Today, absolutely not. It’s not done. It’s not released, it’s not supported. Unless you’re a geek who knows how to evaluate it safely – such as in a virtual machine, as I’ve done – then you should simply wait.
There’s no compelling reason to update right now, and every reason for the average consumer not to.
So, what about July 29th?
I’ll throw out a qualified “maybe”.
First: if you’re getting a new machine and it comes with Windows 10 – go for it. I see no reason not to let Windows 10 be there.

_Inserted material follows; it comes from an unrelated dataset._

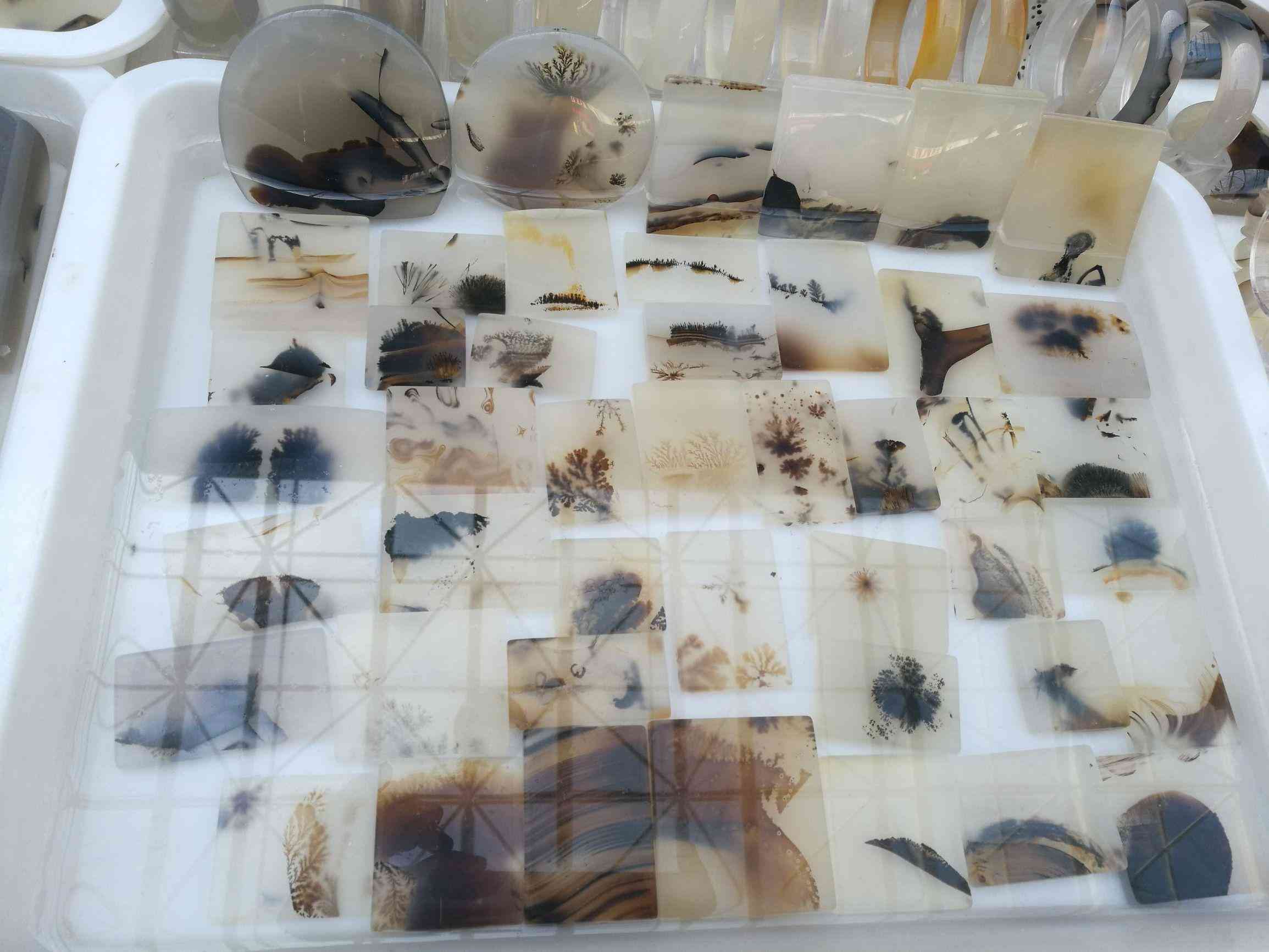 大市場外面就是這些賣原材料的,這是產(chǎn)業(yè)的上游環(huán)節(jié)。每一個十家子的瑪瑙經(jīng)營者都是一個創(chuàng)意大師,他們會根據(jù)開出來的圖案設(shè)計一個故事,來設(shè)計基礎(chǔ)圖案下的形狀。如果沒有好的圖案,就切片后做成手鐲、麻將、手串。

I wouldn’t necessarily delay getting a machine specifically to get Windows 10. Yes, the upgrade will take a little work when the time comes, but it’ll be free if you do it within a year, so … you have a year.
For existing machines, I’d actually have most folks wait a month or two as a kind of cautious “let’s see how it goes” when it’s really released.
Complex software like this is bound to still have issues that won’t become apparent until it hits the street.
Assuming it’s relatively solid, then after a couple of months – say September or October if the schedule holds – I’d divide the world into three buckets:
- XP and Vista users: if your machine supports it; if the software you need to run runs on Windows 10, then I’d upgrade. Get current & more importantly get supported.
- Windows 7 and Windows 8 users that are content: I’d take my time. Sort of an “if it ain’t broke don’t fix it” kind of deal. Yes, I’d probably have you upgrade eventually, but that’s as much to take advantage of the free upgrade than anything else.
- Unhappy Windows 8 users: upgrade. Just do it. I’m sure there will be things about 10 that still irritate you, but my sense is that there will be far fewer of them.
And in ALL cases: when you upgrade, BACK UP FIRST. Image backup – the entire machine.
Operating systems are incredibly complex – simply because there are hundreds of thousands – maybe millions – of possible combinations of hardware and configurations.
Somewhere, something will go wrong for someone,
If that someone is you, you’ll be glad you have a backup you can restore to.